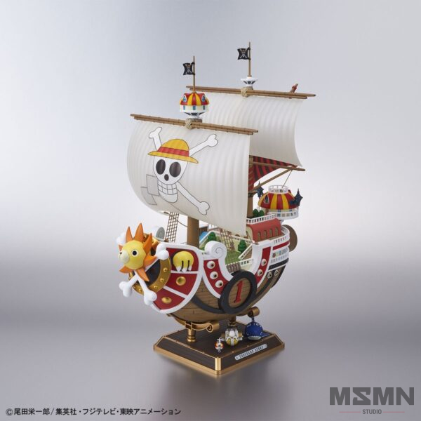 Here’s an amazing kit of the Thousand Sunny, as seen in the Wano Country arc of “One Piece”! Figures of the Straw Hat Pirates in their new outfits are included, and the cannon and paddle can be reproduced through parts replacement. Seals and water-transfer decals are included to reproduce the damage the Thousand Sunny had incurred when she entered the Wano Country, and in-scale mini models of the Shiromokuba No. 1, Mini Merry No. 2, and Shark Submerge No. 3 are also included. An exclusive display base is also included. Join the adventure and order this kit today!
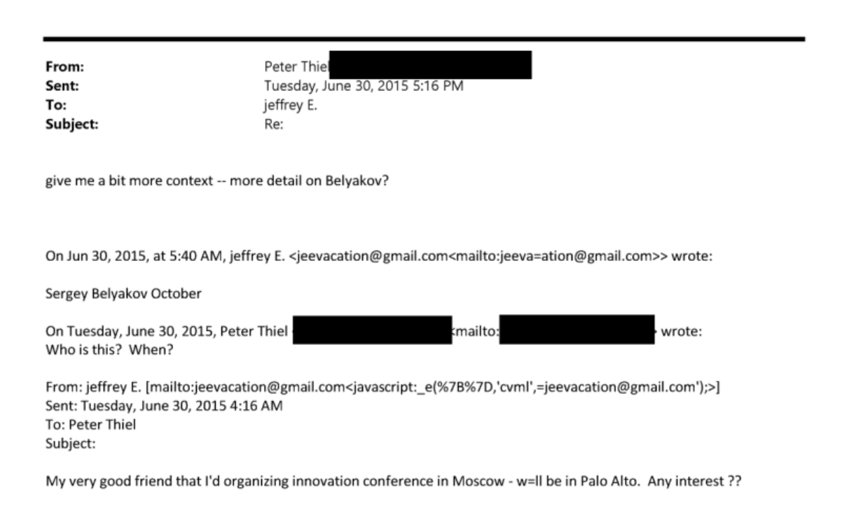 В 2015 году Эпштейн в переписке с Питером Тилем (инвестором, основателем Paypal) упоминает «очень хорошего друга», а затем называет его имя — Сергей Беляков.
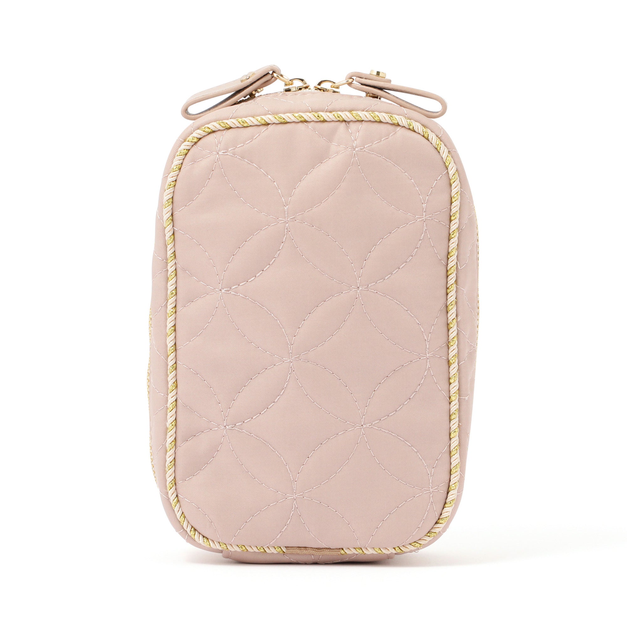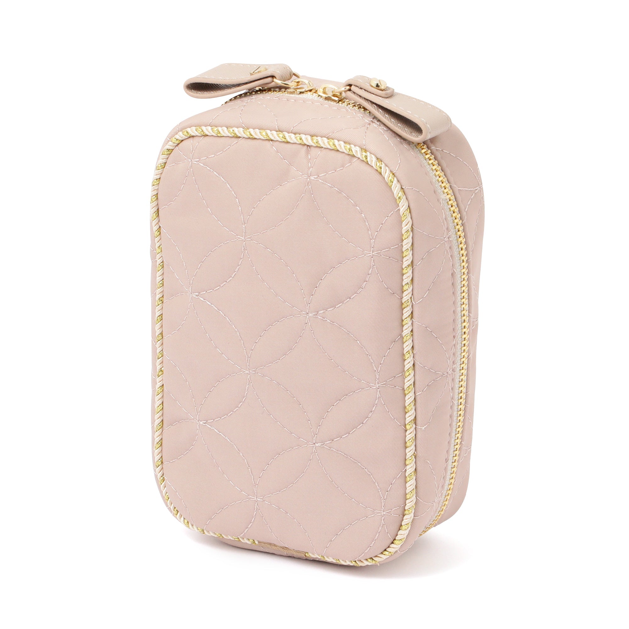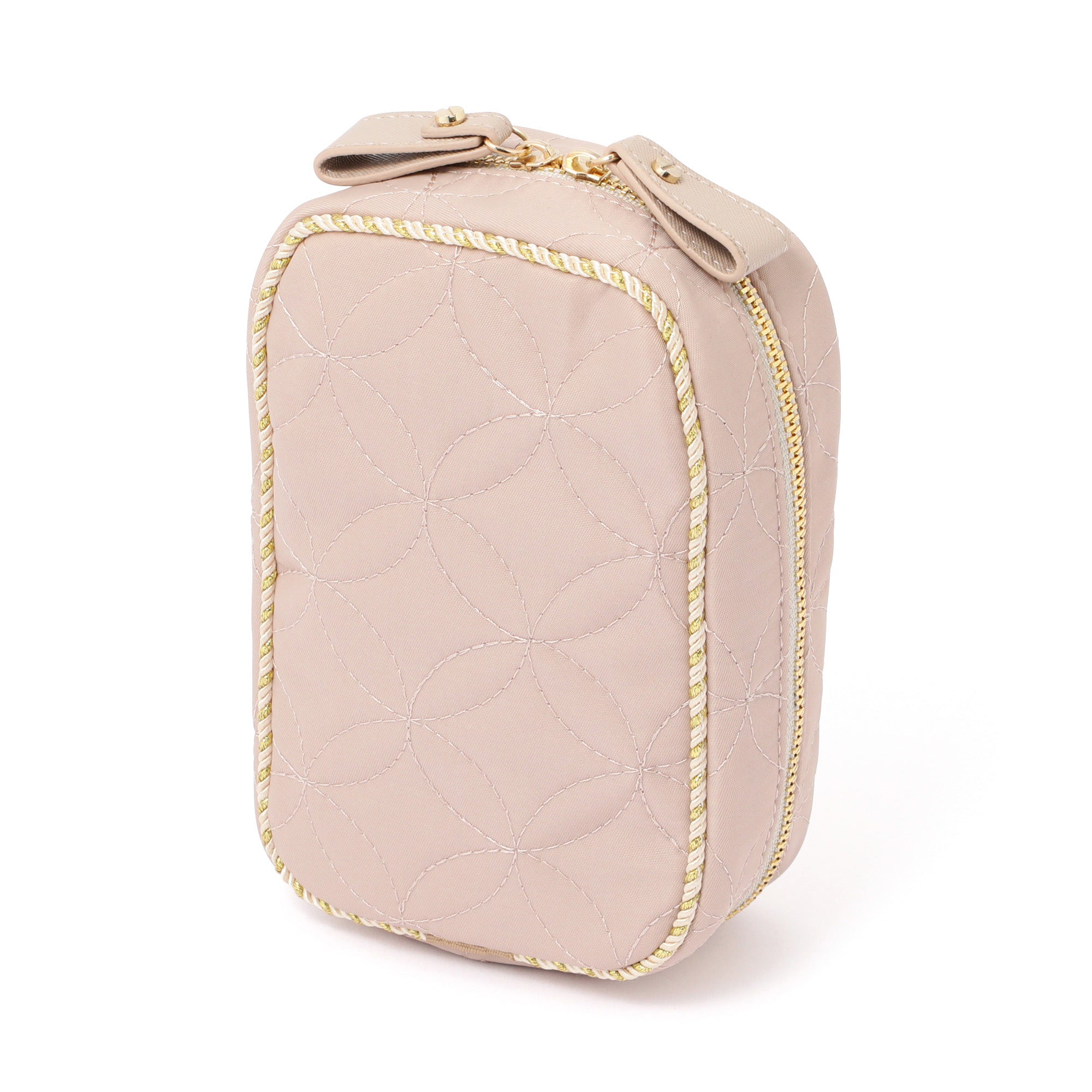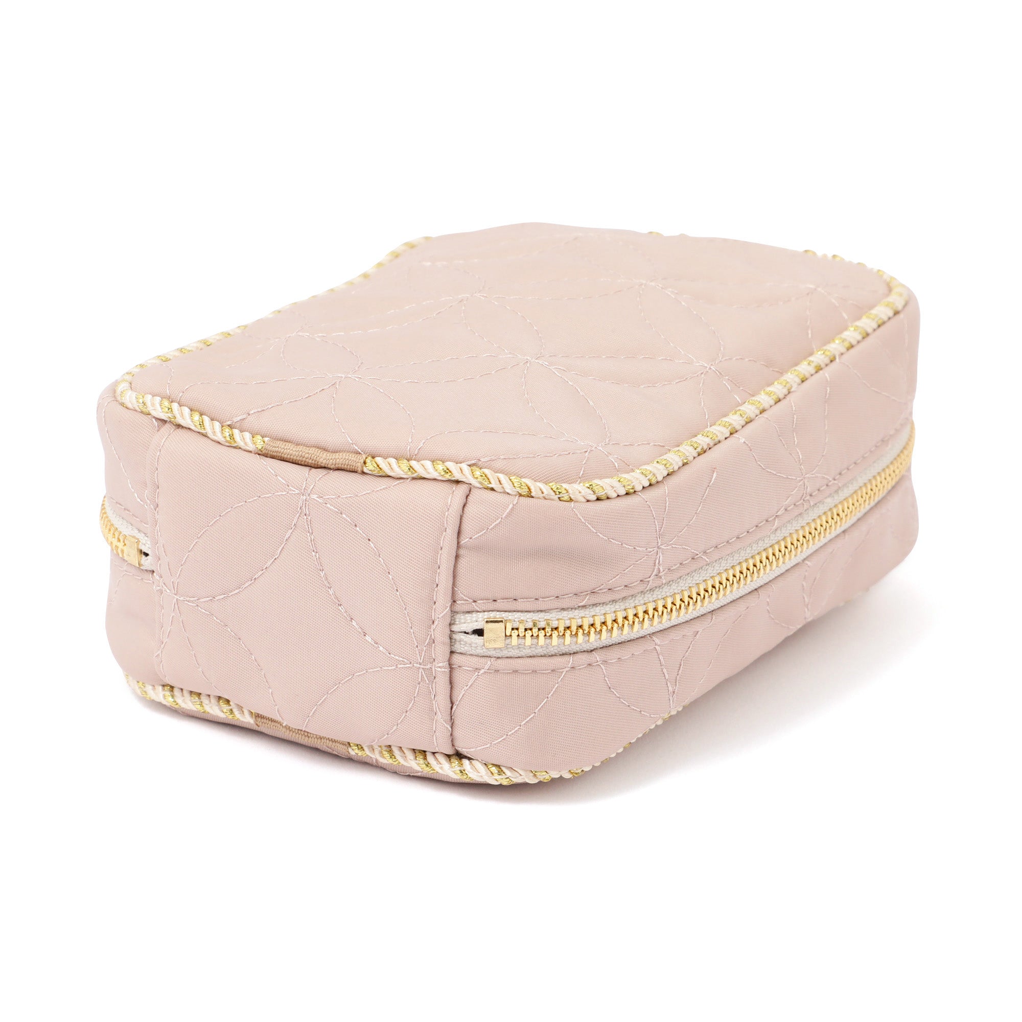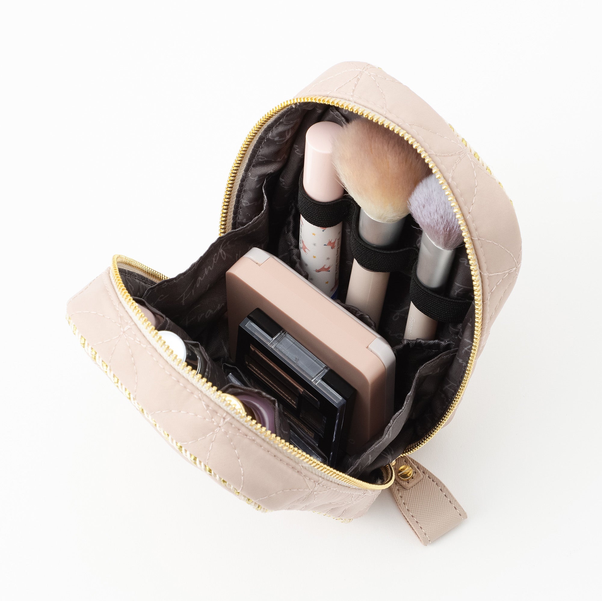 キルティングとゴールドのパイピングがエレガントな、立てて収納できる化粧ポーチです。側面に二段ポケットが付いていて、お気に入りのコスメをすっきり、たっぷり収納できちゃう優秀アイテム。ブラシホルダー付きでメイクブラシやペンシルなどもきれいに収まり、マチがあるのでコンパクトやパレットタイプのコスメもしっかり収納できます。サッと取り出せてしまいやすいので使い勝手抜群。短時間でお化粧を直したい時にも大活躍です。淡いグレーはお化粧直しの時間がときめくような優しいカラーで、リムに縁取られたゴールドとの相性もばっちり。引手は大きめで使いやすく、高級感のあるデザインです。年代を問わずに使いやすいデザイン、機能面も魅力的なので、お誕生日やちょっとした贈り物など様々なギフトシーンでもおすすめのアイテムです。色違いやサイズ違いでポーチを揃えてカバンの中を可愛く、メイク時間を楽しくしていただけます。

_ _ _

_Assignment:_ An image-free, exact version of the listing above is required.

_Task answer:_
 Here’s an amazing kit of the Thousand Sunny, as seen in the Wano Country arc of “One Piece”! Figures of the Straw Hat Pirates in their new outfits are included, and the cannon and paddle can be reproduced through parts replacement. Seals and water-transfer decals are included to reproduce the damage the Thousand Sunny had incurred when she entered the Wano Country, and in-scale mini models of the Shiromokuba No. 1, Mini Merry No. 2, and Shark Submerge No. 3 are also included. An exclusive display base is also included. Join the adventure and order this kit today!
 В 2015 году Эпштейн в переписке с Питером Тилем (инвестором, основателем Paypal) упоминает «очень хорошего друга», а затем называет его имя — Сергей Беляков.
 キルティングとゴールドのパイピングがエレガントな、立てて収納できる化粧ポーチです。側面に二段ポケットが付いていて、お気に入りのコスメをすっきり、たっぷり収納できちゃう優秀アイテム。ブラシホルダー付きでメイクブラシやペンシルなどもきれいに収まり、マチがあるのでコンパクトやパレットタイプのコスメもしっかり収納できます。サッと取り出せてしまいやすいので使い勝手抜群。短時間でお化粧を直したい時にも大活躍です。淡いグレーはお化粧直しの時間がときめくような優しいカラーで、リムに縁取られたゴールドとの相性もばっちり。引手は大きめで使いやすく、高級感のあるデザインです。年代を問わずに使いやすいデザイン、機能面も魅力的なので、お誕生日やちょっとした贈り物など様々なギフトシーンでもおすすめのアイテムです。色違いやサイズ違いでポーチを揃えてカバンの中を可愛く、メイク時間を楽しくしていただけます。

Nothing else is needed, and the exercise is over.